The new BBC article is yet another in an innumerable series of MSM attempts to ‘future’ solve one of two fundamental inherent deficiencies in renewable wind and solar—intermittency. (The other is grid inertia.) For a different set of intermittency battery ‘solutions’ see essay California Dreaming in my ebook Blowing Smoke. BBC now touts the “battrolyzer”, a nickel/iron battery invented by Junger in 1899 as a less toxic but similar electrochemistry to NiCad, (nickel/cadmium), adopted by Thomas Edison for electric vehicles in 1901, and now enhanced to maximize byproduct hydrogen, which together will solve the intermittency problem. This is NOT new electrochemistry news; rather, a completely ignorant MSM ‘GND’ piece based solely on Delft University puff PR. Bad reporting of bad reporting; the GND echo chamber remains very loud.

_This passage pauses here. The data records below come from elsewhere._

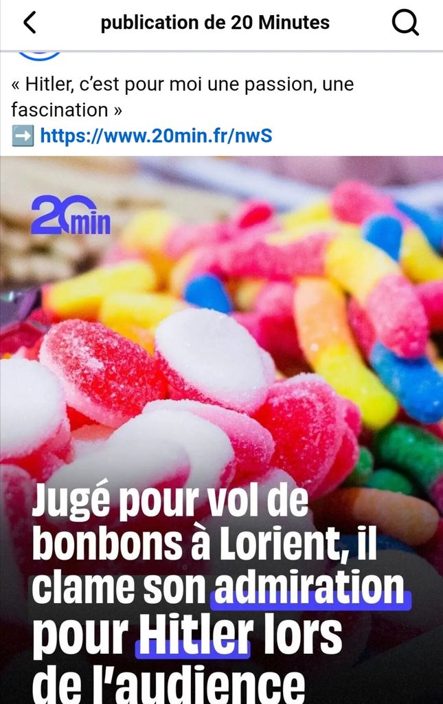 "Il était jugé devant le tribunal de Lorient (Morbihan) pour avoir volé en 2024 des bonbons et des sodas dans le local d’un club de pétanque du coin qu’il avait également dégradé. Lundi, l’audience, assez banale en l’apparence, a pourtant pris une tournure pour le moins nauséabonde quand ce jeune homme de 21 ans a profité de la tribune qui lui était offerte pour faire l’apologie du nazisme. « Hitler, c’est pour moi une passion, une fascination. Oui, je crois à l’idéologie de la race aryenne, de l’homme blond supérieur à tout le monde », a-t-il déclaré à la barre, selon des propos rapportés par Ouest-France.
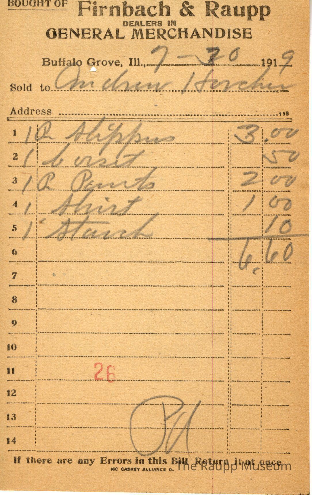 The black text is as follows, from top to bottom: Bought of Firnbach & Raupp; Dealers in GENERAL MERCHANDISE; Buffalo Grove, Ill.; Sold to; Address; if there are any Errors in this Bill Return it at once; MC CASKEY ALLIANCE O.Archive Details
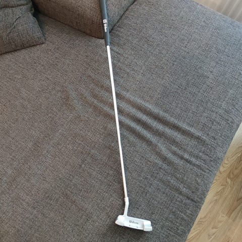 Four-D golf-putteri. Mallet-tyylinen putterin lapa, jossa kohdistusviivat helpottamaan tähtäystä.

The Nickel(oxide/hydroxide)/Iron battery was invented by the Swede Junger about 120 years ago as an environmentally friendlier alternative (same electrochemistry) to NiCad (popular in the 1980’s to early 1990’s, now for all intents and purposes environmentally gone because cadmium IS toxic). Iron replaced Cadmium, with some ‘disadvantages’ noted below. Thomas Edison (TE) championed it for his electric vehicles in 1901; unfortunately for TE, gasoline soon won out for many reasons including energy density and cost. NiFe battery chemistry remained in US production until about 1975 for specialty applications like railroad signaling (performance details below), and it still remains in Chinese production (cost details below).

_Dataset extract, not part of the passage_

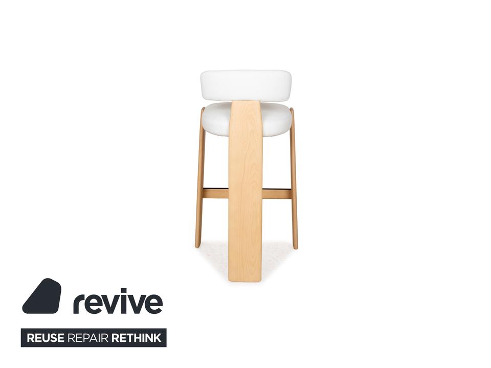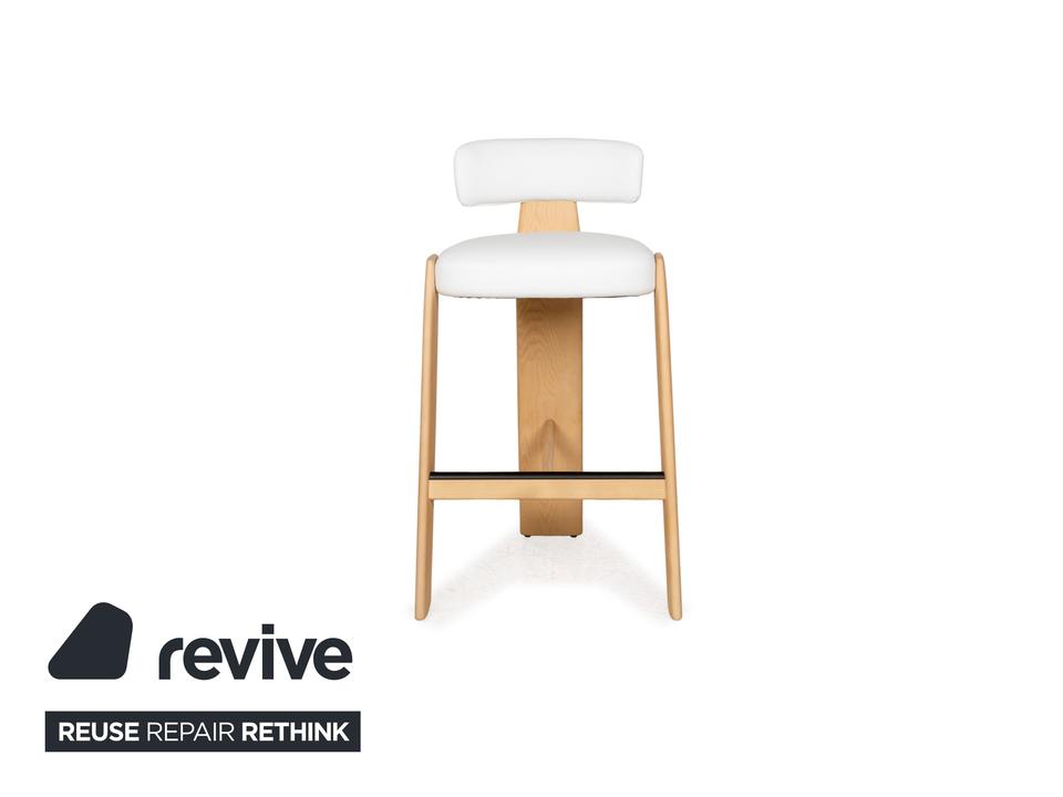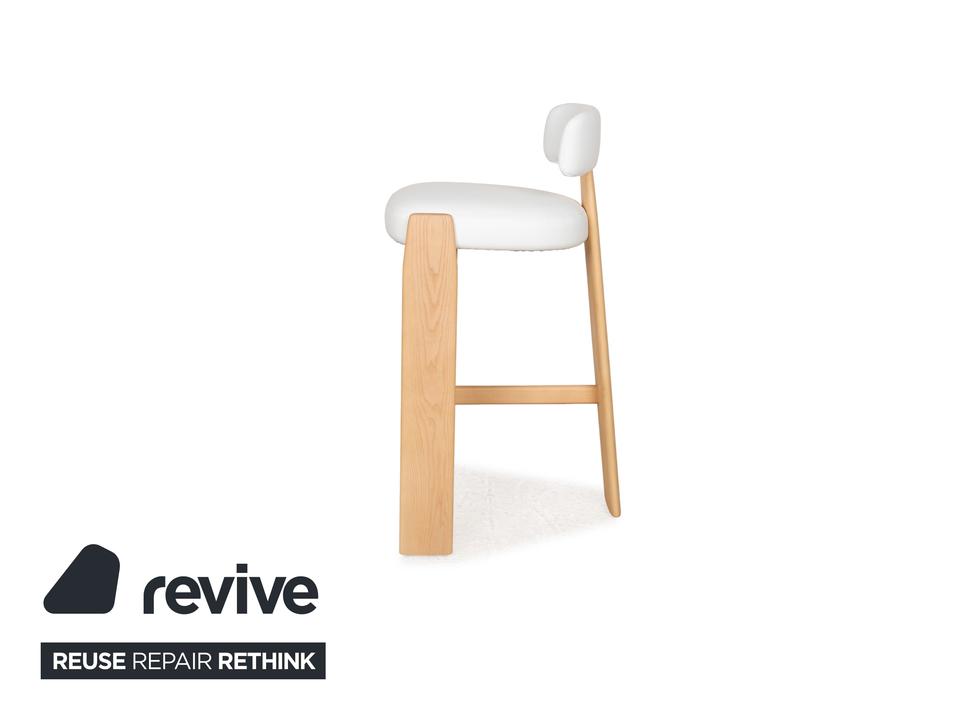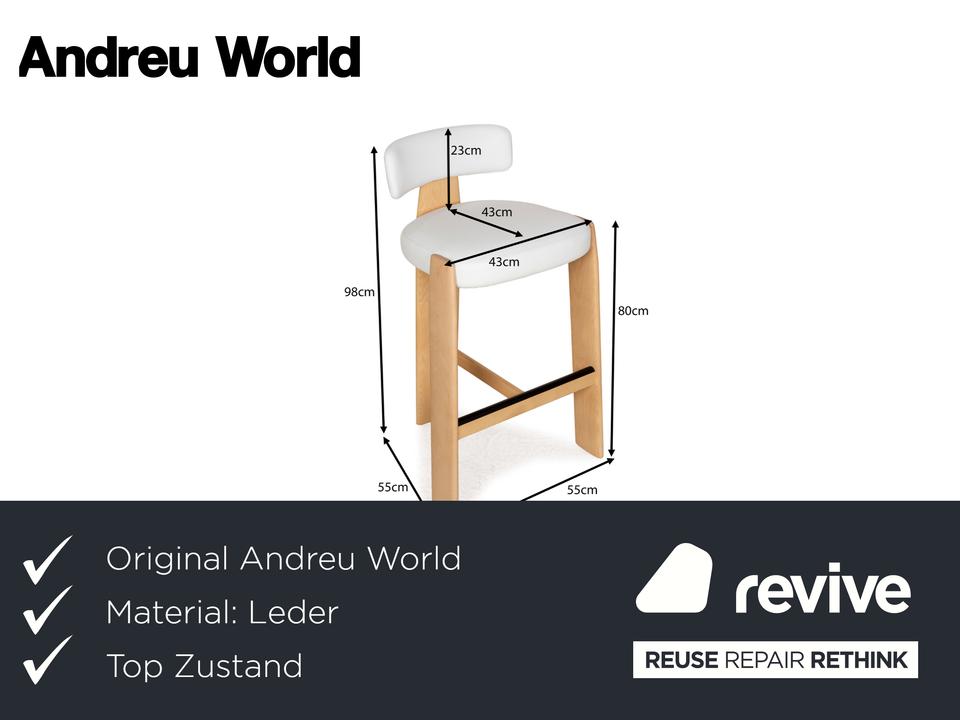 Der Stuhl Oru von Andreau World ist aus hellbraunem Holz und mit weißem Lederbezug gefertigt. Das Design des Hochstuhls, der sich auch hervorragend als Barhocker eignet ist unkonventionell und formenreich: Gerade Flächen und Streben des Holzgestells gehen in die Rundungen der gepolsterten, gerundeten Sitzfläche über und münden in einer elegant geschwungenen Lehne.

The reason BBC became excited about the new University of Delft PR was that NiFe not only stores electricity, on charging it also electrolyzes the water-based electrolyte and produces hydrogen. So do Lead Acid, (PbA), batteries but to a much lesser extent. For TE electric 1901 vehicles, explosive hydrogen was a problem. Per BBC, this is now a terrific advantage. So, we have to divvy up the new BBC article into two parts: grid storage batteries, and hydrogen.
NiFe as a grid battery
The basics are that Iron(Fe) is the anode, and Nickel(oxide/hydroxide) is the cathode. The electrochemical charge shuttle is like NiCad, a standard oxygen mediated redox. The typical electrolyte is aqueous potassium hydroxide (hence the hydrogen electrolysis). An advantage over lead acid (PbA) chemistry is tolerance of overcharge/overdischarge giving long life, about 20 years rather than maybe 4-5 in babied PbA (golf cart/trolling motor deep cycle batteries). Depth of Discharge (DoD) for 20 years NiFe cycle life is about 80%. All wonderful—BUT.

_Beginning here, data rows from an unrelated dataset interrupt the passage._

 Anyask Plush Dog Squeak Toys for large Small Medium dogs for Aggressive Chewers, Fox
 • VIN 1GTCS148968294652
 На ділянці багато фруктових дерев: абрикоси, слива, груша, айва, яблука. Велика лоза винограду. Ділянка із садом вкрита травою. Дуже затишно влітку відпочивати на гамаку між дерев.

Battery details matter. The Ni/Fe charge/discharge rate is VERY slow, unlike PbA. A full charge from 80% DoD discharge takes about 7.5 hours (in energy storage terms, a slow C rate). So unlike TE’s hopes, could NEVER have been used as a car starter battery requiring high currents for a short period (a high discharge C rate). The charging efficiency is only about 65%, the discharge efficiency is only about 85%. Translation, NiFe is not only inefficient, it therefore heats up a lot in use both ways. Heat is a big problem with large grid scale batteries.
The nominal voltage of a single NiFe cell is 1.2V, so unlike a standard 12V 6 cell PbA, 12V NiFe requires 10 cells. That is why it is about 30% more expensive per 12V at any AH. More cells, more battery, so more cost for equivalent capacity.
Another problem. Unlike PbA or LiIon, the self-discharge of NiFe is a bit more than 1% per day, or 30-40% per month depending on details and ambient temperatures (that darned electrochemical Nernst equation again). So if it just sits finally charged waiting on the next UK grid wind outage, after a month UK can write off about a third of its previously stored capacity.
Another big problem is based on current Chinese NiFe production pricing. A simple industrial 24V effective 2.2KWh capacity battery presently costs $2107. So to get close to UK grid voltage (using Kip Hansen reasoning) by wiring two in series to get 48V (close enough for this example), it costs ($4214/2.2KWh amortized over ~20 years or ~$0.96/KWh ignoring interest. Even in super expensive Germany thanks to its renewable Energiewende, it is now ‘only’ about $0.30/KWh. That is about 3x higher cost than Germany for this ‘new’ BBC ‘solution’ in the best case.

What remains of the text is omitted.